40 años del martirio de Romero y la masacre del Sumpul Javier Sánchez: "Asesinaron a seiscientas personas, mujeres y niños, simplemente por ser pobres"
"Es necesario que la memoria histórica se encargue de no olvidar nunca a sus víctimas, pero no hay que vengar a nada ni a nadie", me dijo Rosita, de la comunidad de Arcatao
No se puede cerrar una herida en falso, hay que perdonar, que decía Julio Rivera, superviviente de la matanza, pero ese perdón no puede venir "sin verdad, justicia y reparación"
"¿Acaso Jesús conoció a Hegel o a Marx? Jesús solo conoció a los pobres y sus necesidades, y por eso lo acusaron no de comunista, pero sí de revolucionario, de “comer con pobres y pecadores”, y de liberarles"
"Hablamos de libros sagrados, o de vasos sagrados, y perdemos quizás de vista, lo que realmente es santo: los seres humanos, las personas, y especialmente las más necesitadas"
"¿Acaso Jesús conoció a Hegel o a Marx? Jesús solo conoció a los pobres y sus necesidades, y por eso lo acusaron no de comunista, pero sí de revolucionario, de “comer con pobres y pecadores”, y de liberarles"
"Hablamos de libros sagrados, o de vasos sagrados, y perdemos quizás de vista, lo que realmente es santo: los seres humanos, las personas, y especialmente las más necesitadas"
| Javier Sánchez, capellán de la cárcel de Navalcarnero
Año de 1980, un año desgraciado, triste y duro, para la historia reciente del pequeño país centroamericano de El Salvador, como decía el obispo de Chalatenango, en la Eucaristía de acción de gracias, en memoria a los masacrados en el bonito río Sumpul.
Año triste, por la cantidad de pérdidas humanas, año teñido de sangre y de injusticia, pero a la vez año teñido de vida, de esperanza; año en el que el pueblo salvadoreño experimentó que la Pascua de Jesús, es vida: siempre diré lo mismo, donde más muerte hay, también hay más vida. Es lo que experimento siempre, cada vez que piso la cárcel de Navalcarnero, en Madrid, donde voy cada día: en el lugar de la muerte y del dolor, florece la vida. En el Sumpul, como en el altar donde mataron a Monseñor Romero, en la capilla del hospitalito, floreció la vida. Vidas entregadas, por el pueblo, como la vida de Jesús de Nazaret. Vidas crucificadas y en ese mismo momento resucitadas junto al Padre.

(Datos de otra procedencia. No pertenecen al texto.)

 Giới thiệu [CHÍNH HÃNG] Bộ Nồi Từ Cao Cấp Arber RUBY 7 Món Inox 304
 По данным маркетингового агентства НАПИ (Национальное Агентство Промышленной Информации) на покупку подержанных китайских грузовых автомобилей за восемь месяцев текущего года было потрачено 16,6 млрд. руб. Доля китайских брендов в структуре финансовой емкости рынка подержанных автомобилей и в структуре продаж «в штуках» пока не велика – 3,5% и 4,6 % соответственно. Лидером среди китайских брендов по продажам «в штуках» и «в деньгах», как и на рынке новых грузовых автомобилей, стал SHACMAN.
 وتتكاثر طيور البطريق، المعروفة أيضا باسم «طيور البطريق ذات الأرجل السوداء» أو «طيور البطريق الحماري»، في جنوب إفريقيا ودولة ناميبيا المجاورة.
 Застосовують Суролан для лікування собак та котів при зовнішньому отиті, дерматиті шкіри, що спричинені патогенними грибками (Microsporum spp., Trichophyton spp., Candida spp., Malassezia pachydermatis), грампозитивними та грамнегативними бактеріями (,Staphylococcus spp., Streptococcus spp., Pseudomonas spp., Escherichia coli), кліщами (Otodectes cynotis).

Apenas cincuenta y un días después de asesinar a San Romero, mientras celebraba la Eucaristía, asesinaban a más de seiscientas personas, mujeres y niños, sin respetar edad, ni condición. Las asesinaban simplemente por ser pobres, porque como también decía el obispo de Chalatenango Oswaldo Escobar, en su homilía de la Eucaristía homenaje a los mártires, “la guerra de El Salvador fue una guerra contra los pobres”, en el fondo, como todas las guerras: los poderes de este mundo se enfrentan a la vida, como se enfrentaron con Jesús.

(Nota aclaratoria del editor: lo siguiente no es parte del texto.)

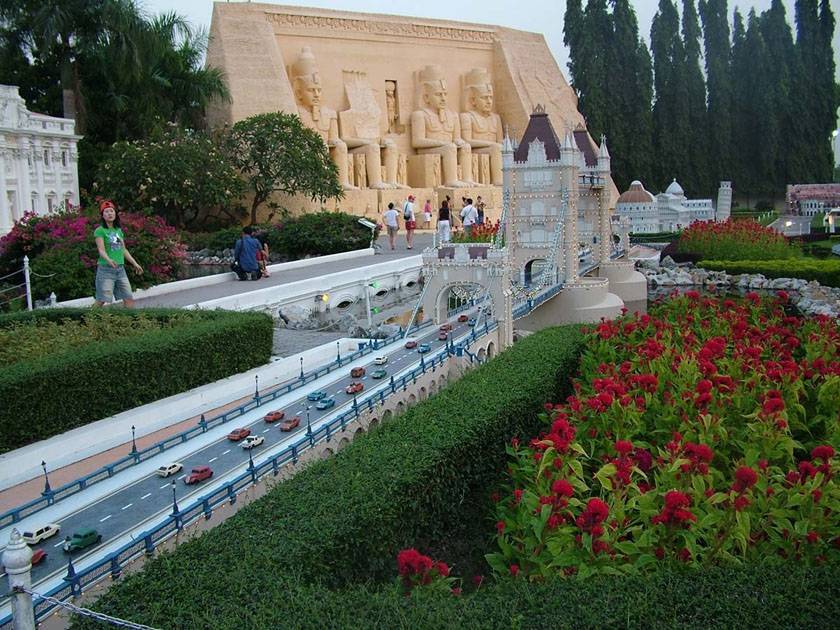 Все архитектурные памятники в парке «Мини Сиам» в Паттайе созданы в масштабе 1: 25, причем это не одинокие здания, вырванные из естественной среды, а целые комплексы, в точности повторяющие их окружение. По улицам «городов» гуляют дети и прохожие, гвардейцы в национальных костюмах стоят на положенных им постах. Все машины на улицах городов можно различить по маркам. Под макетом моста через Темзу течет игрушечная река, а по ней ходят «настоящие» пароходы. Деревья, фонтаны, всё, буквально всё, воссоздано именно так, как есть в жизни. Вероятно, что единственно чего нет на этих макетах – вездесущих воробьев.

Y el poder no distingue razas, ni colores, lo que sí distingue es pobreza de riqueza, porque siempre mueren los mismos. Los que vivieron el momento de la masacre del Sumpul, supervivientes, hijos de las víctimas de aquel horrendo suceso, así nos lo relatan. Nos relatan cómo fue, y lo hacen, tengo que decir emocionado, sin ningún resquicio de resentimiento. Lo relatan pidiendo justicia, apelando a una memoria en favor de esos mártires, que no se pueden olvidar, pero en sus palabras, no hay odio, no hay lugar para la venganza.
Detrás de sus palabras, parecen verse las palabras de Jesús: “Padre, perdónalos, porque no saben lo que hacen”. Así me impresionaron las palabras de Rosita, de la comunidad de Arcatao, cuando me relataba lo que había sucedido en todo el departamento de Chalate, durante los años de guerra: “Queremos que se haga justicia en favor de las víctimas de tanta masacre, pero yo soy feliz aquí en mi pueblo ahora, no puedo olvidar todo lo que pasó y es necesario que la memoria histórica se encargue de no olvidar nunca a sus víctimas, pero no hay que vengar a nada ni a nadie”. Y Rosita, como tantos otros, había perdido a varios familiares en la contienda.

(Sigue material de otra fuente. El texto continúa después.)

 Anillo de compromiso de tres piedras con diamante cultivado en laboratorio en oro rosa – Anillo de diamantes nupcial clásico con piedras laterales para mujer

Me parecía escuchar las palabras de Monseñor Romero, que también citaba hoy el obispo en su homilía: “Una justicia que se hace sin amor es venganza”, pero a la vez, también decía el mismo obispo que “unos crímenes de lesa humanidad no pueden ser amnistiados”. No se puede cerrar una herida en falso, hay que perdonar, que decía Julio Rivera, superviviente de la matanza, pero ese perdón no puede venir “sin verdad, justicia y reparación moral y material”.
Curiosamente, siempre que se habla de revolución de los pobres, y de opciones a favor de los crucificados, son los ricos, los poderosos, los que suelen tachar a esos pobres, y a los que unimos en esa causa, de “comunistas”, de subversivos, de ir en contra de todo y de todos. Monseñor Romero en su homilía del 30 de octubre de 1977, afirmaba: “no teman los conservadores, sobre todo aquellos que no quieran que se hablara de la cuestión social, de los temas espinosos, que hoy necesita el mundo. No teman que los que hablamos de esas cosas nos hayamos hecho comunistas o subversivos. No somos más que cristianos sacándole al Evangelio las consecuencias que hoy, en esta hora, necesita la humanidad, nuestro pueblo”.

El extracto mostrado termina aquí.